* **THE PROBLEM**
What you return must match the entries word for word, minus the pictures.

━━━━━ INPUT DATA ━━━━━

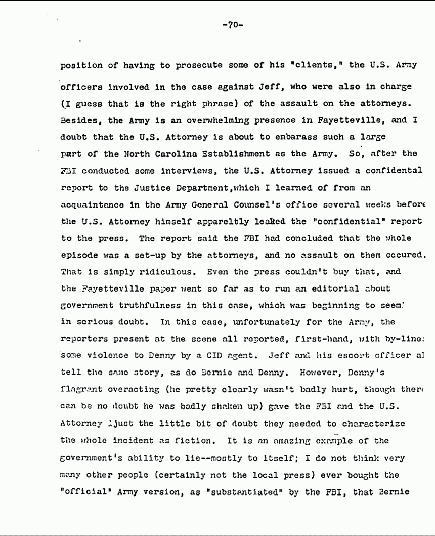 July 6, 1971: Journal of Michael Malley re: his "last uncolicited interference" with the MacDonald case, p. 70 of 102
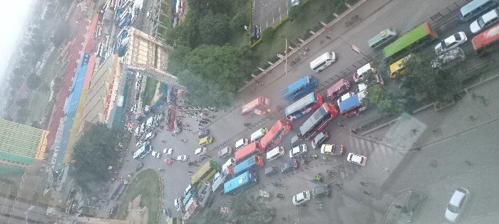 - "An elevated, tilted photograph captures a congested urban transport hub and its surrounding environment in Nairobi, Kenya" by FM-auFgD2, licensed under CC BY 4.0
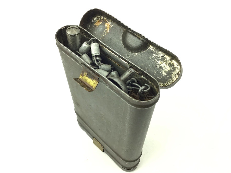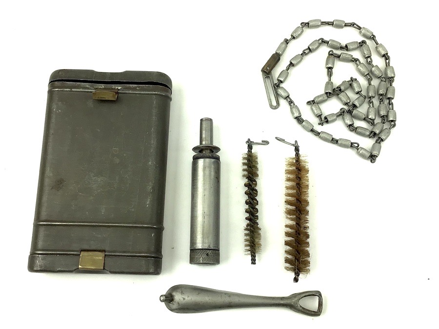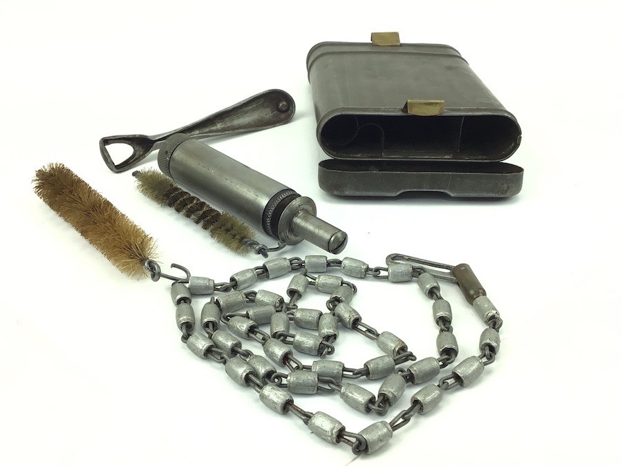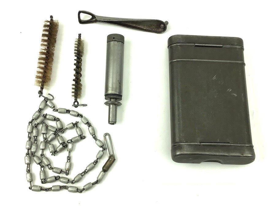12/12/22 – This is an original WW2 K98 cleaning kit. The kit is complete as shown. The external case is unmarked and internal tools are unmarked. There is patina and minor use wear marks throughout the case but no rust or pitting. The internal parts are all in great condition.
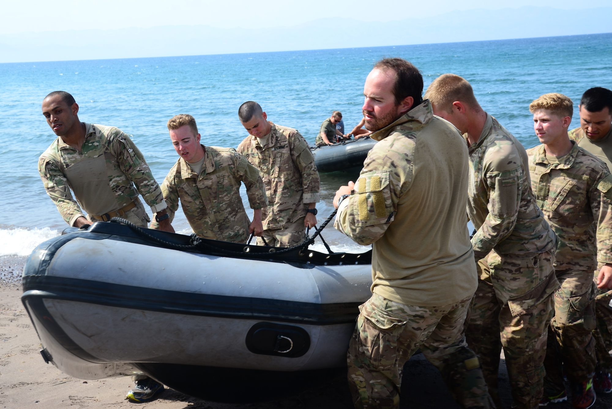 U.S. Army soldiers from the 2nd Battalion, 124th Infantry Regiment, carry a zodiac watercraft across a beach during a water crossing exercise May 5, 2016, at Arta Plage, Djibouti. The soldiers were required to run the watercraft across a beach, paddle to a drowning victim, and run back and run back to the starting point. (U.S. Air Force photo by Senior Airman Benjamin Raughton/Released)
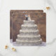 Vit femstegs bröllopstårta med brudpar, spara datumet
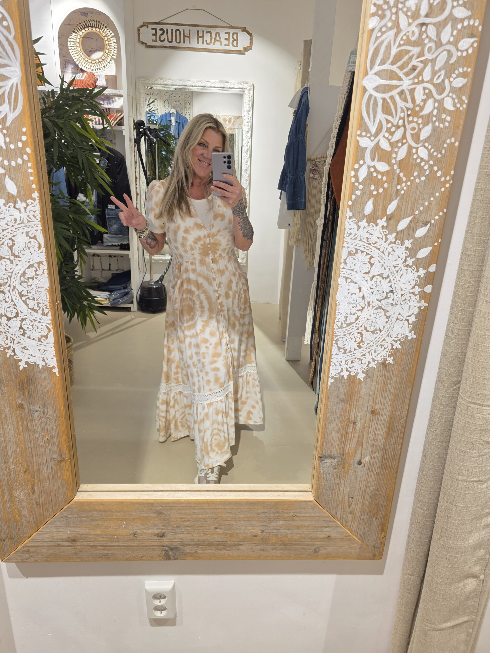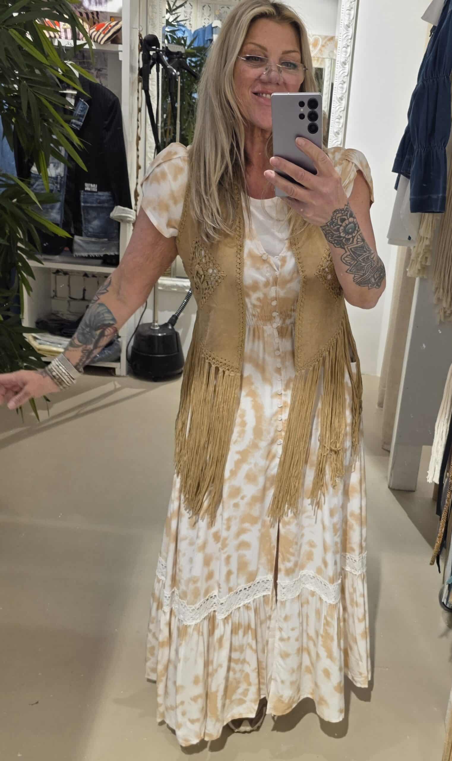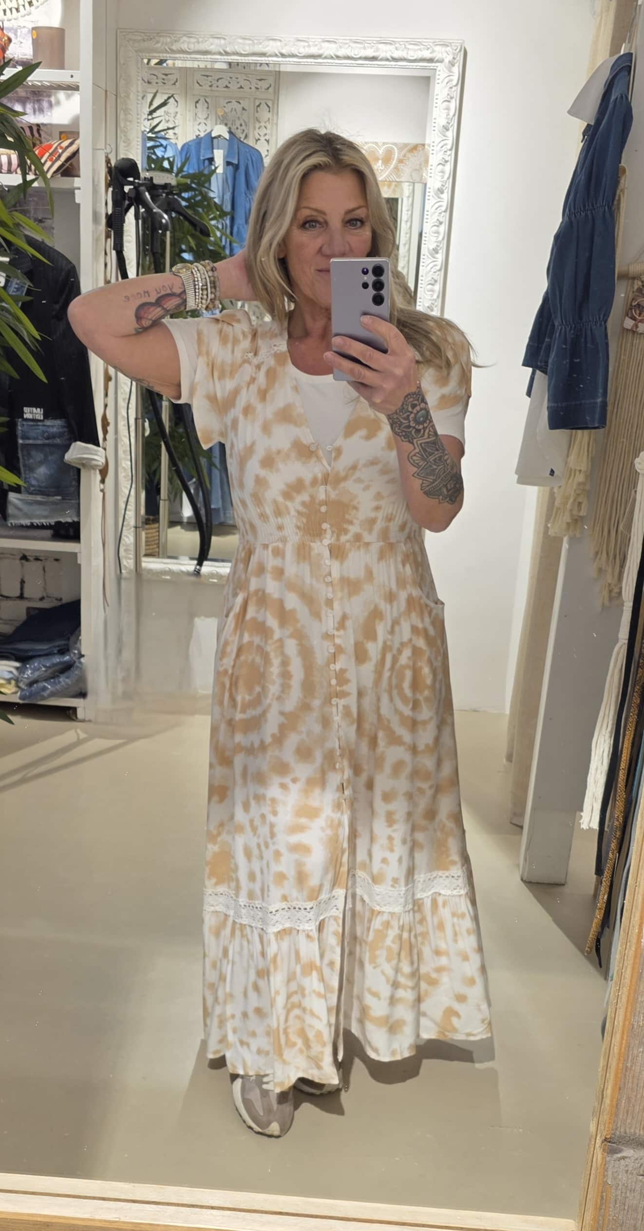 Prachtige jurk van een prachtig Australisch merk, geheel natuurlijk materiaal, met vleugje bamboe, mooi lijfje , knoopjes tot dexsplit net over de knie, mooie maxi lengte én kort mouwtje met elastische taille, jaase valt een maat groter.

━━━━━

* **SOLUTION FOR THIS EXERCISE**
 July 6, 1971: Journal of Michael Malley re: his "last uncolicited interference" with the MacDonald case, p. 70 of 102
 - "An elevated, tilted photograph captures a congested urban transport hub and its surrounding environment in Nairobi, Kenya" by FM-auFgD2, licensed under CC BY 4.0
12/12/22 – This is an original WW2 K98 cleaning kit. The kit is complete as shown. The external case is unmarked and internal tools are unmarked. There is patina and minor use wear marks throughout the case but no rust or pitting. The internal parts are all in great condition.
 U.S. Army soldiers from the 2nd Battalion, 124th Infantry Regiment, carry a zodiac watercraft across a beach during a water crossing exercise May 5, 2016, at Arta Plage, Djibouti. The soldiers were required to run the watercraft across a beach, paddle to a drowning victim, and run back and run back to the starting point. (U.S. Air Force photo by Senior Airman Benjamin Raughton/Released)
 Vit femstegs bröllopstårta med brudpar, spara datumet
 Prachtige jurk van een prachtig Australisch merk, geheel natuurlijk materiaal, met vleugje bamboe, mooi lijfje , knoopjes tot dexsplit net over de knie, mooie maxi lengte én kort mouwtje met elastische taille, jaase valt een maat groter.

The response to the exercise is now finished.